Farm Business Expenses
The Internal Revenue Service allows a deduction for any expense necessary for the business to operate. This may include a proportional amount of the living expenses for the farmers themselves. Most farms include the farmer's personal residence, which is indistinguishable from the farm itself. A comparative amount of the utilities, depreciation and loan interest is included in the expenses for operation of the farm, while the remaining is not deductible as it relates to personal expenses.
Equipment Purchases
Farmers need equipment and tools to remain in business. They can deduct the cost of these purchases and the total ancillary costs associated with the purchase to get the item ready for its intended use. Farmers usually deduct, or depreciate the equipment over its useful life rather than in the year of purchase.
Section 179 Expense
The Section 179 expense is an alternative to the depreciation method previously mentioned. The Internal Revenue Service understands the necessity of equipment to stimulate growth in businesses. Without new and efficient equipment, many businesses cannot continue to move forward.
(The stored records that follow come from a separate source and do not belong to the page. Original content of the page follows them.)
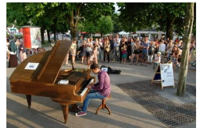
Open Piano for Refugees

The Austrians Nico Schwendinger and Udo Felizeter started the project after they were inspired by a street piano they saw during a visit to Ukraine in 2015. For the “Open Piano for Refugees” they provide a piano at different cities in Europe. Anyone is allowed to play. At that time, they put up a collection box. They use the money that is collected to give music classes to refugees and other people who don’t have the money to pay for music classes.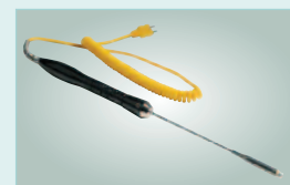
881602 surface probe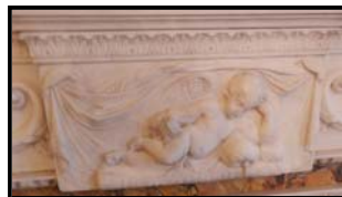
Detail - Hycroft Manor fireplace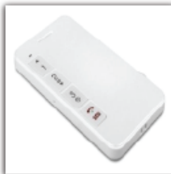
GK309 - iD card GPS Trackers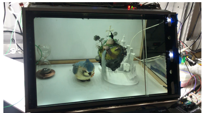
(c) two-phase composite

Figure 1: Our composite display system. The transparency image, (a), displays white to represent transparent areas while black heavily attenuates the view. The color image, (b), displays the color channel over the illuminated diffuser. At 144 Hz, the two-phase composite, (c), occludes physical objects within the display box.

To help facilitate expansion, they implemented the Section 179 expense allowing companies the ability to deduct the full cost of equipment in the year of purchase. For the 2010 tax year, the Internal Revenue Service limits this deduction to a cap of $500,000; however, this deduction is subject to change each tax year.
Income Averaging
Farmers make money sporadically throughout the year. Many times the money they make is from the fruits of their labor from prior years. In order to alleviate a tax bill that is just as sporadic as their income, they can deduct this income from the current year and allocate it to the three prior years. Moving income to a prior year that contained a loss allows the farmer to reduce taxes in the current year, while not affecting their tax liability in a prior year.
Non-Deductible Expenses
Most farmers take out loans to operate their farms. Their income is intermittent and daily operations require a daily infusion of cash. Bank loans help to fill the cash-flow gap created and keep the farm running smoothly. The deduction of payments made to service the loan is limited to the interest only. Principle payments are not deductible as they are a return of capital to the lending institution and not an expense to the farm itself.